ACTION ITEM | Could you restate the data below word for word, without its pictures?

SUPPLIED MATERIAL |
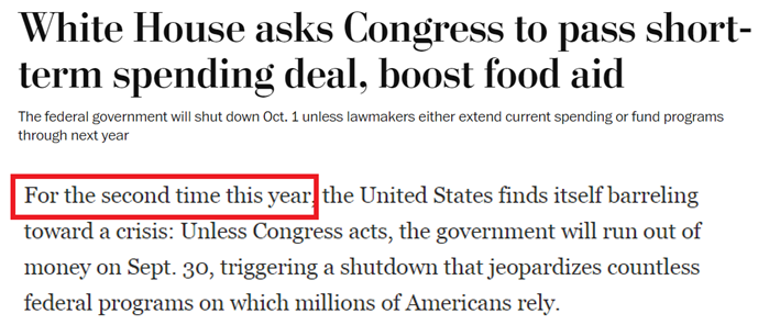 随着美国2023财政年度即将在9月30日终止,陆续返岗的两党议员们迎来了一年一度的“灾难性立法月”。
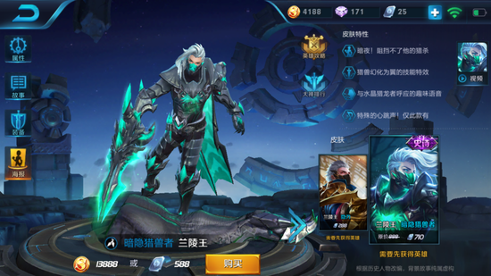 为了迎接许久没有出新皮肤的本命英雄之一兰陵王,暗隐猎狩者上架,蓝烟开启兰陵王专场。在微博中蓝烟写到:
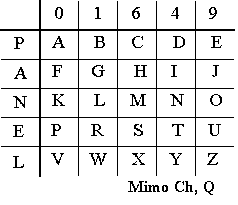 Podle následující tabulky (slovo PANEL a čísla 0, 6, 4, 9) by bylo slovo AHOJ zapsáno P0 A6 N9 A9.

OUTPUT FOR THIS EXERCISE |
 随着美国2023财政年度即将在9月30日终止,陆续返岗的两党议员们迎来了一年一度的“灾难性立法月”。
 为了迎接许久没有出新皮肤的本命英雄之一兰陵王,暗隐猎狩者上架,蓝烟开启兰陵王专场。在微博中蓝烟写到:
 Podle následující tabulky (slovo PANEL a čísla 0, 6, 4, 9) by bylo slovo AHOJ zapsáno P0 A6 N9 A9.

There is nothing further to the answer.